Google Zero to pojęcie ukute przez Nilaya Patela, redaktora naczelnego „The Verge”, na określenie momentu, w którym Google przestanie odsyłać do stron trzecich i „zamknie” użytkowników w swoim ekosystemie. Ilustruje ono również skalę dominacji dużych platform.
Analiza „The Verge” wskazuje jednak, że giganci tracą zaufanie internautów, którzy stopniowo odpływają do chatbotów AI, alternatywnych serwisów i niszowych społeczności. Aż 42 proc. respondentów zadeklarowało, że „wyszukiwarki takie, jak Google” stają się coraz mniej użyteczne.
Coraz więcej osób szuka też prawdziwych relacji, których nie znajduje w mediach społecznościowych – pogłębiających podziały społeczne i rojących się od reklam, jak twierdzą respondenci.
Dlatego przyszłością internetu są małe społeczności skupione wokół wspólnych celów i oparte na zaufaniu. Liczy się też autentyczność. Prawie połowa ankietowanych wolałaby funkcjonować w środowisku, które nie zezwala na treści generowane przez AI.
Rozproszenie konsumentów będzie wymagało od marek większej kreatywności i bardziej zniuansowanych strategii. Niezbędne będą też gruntowny research i solidna analityka.
YouTube jest platformą numer jeden nie tylko w kategorii video, ale również podcastów.

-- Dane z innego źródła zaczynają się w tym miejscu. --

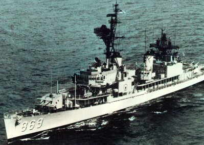 The U.S. Navy destroyer USS Arnold J. Isbell (DD-869) entering Sydney Harbour, Australia, in 1970.

Według danych udostępnionych przez Google treści podcastowe w serwisie każdego miesiąca ogląda już ponad miliard użytkowników. W 2024 r. widzowie spędzali ponad 400 milionów godzin miesięcznie na oglądaniu youtube’owych podcastów na urządzeniach domowych.
„Podcasty z video to coś więcej niż trend – trafiają one do odbiorców tam, gdzie są: na YouTube” – napisała firma w oświadczeniu prasowym. To stwierdzenie zdaje się trafiać w punkt. Na YouTube użytkownicy spędzają czas „i tak”, więc łatwiej podsunąć im podcasty „pod nos”, niż próbować skłonić do przejścia na inną platformę.
W połowie zeszłego roku zamknięto usługę Google Podcasts, która cieszyła się znikomym zainteresowaniem. Osieroconych użytkowników z powodzeniem zagospodarował właśnie YouTube, z którego korzysta aż 31 proc. odbiorców podcastów w USA. Spotify gromadzi 27 proc. użytkowników a Apple Podcasts – 15 proc.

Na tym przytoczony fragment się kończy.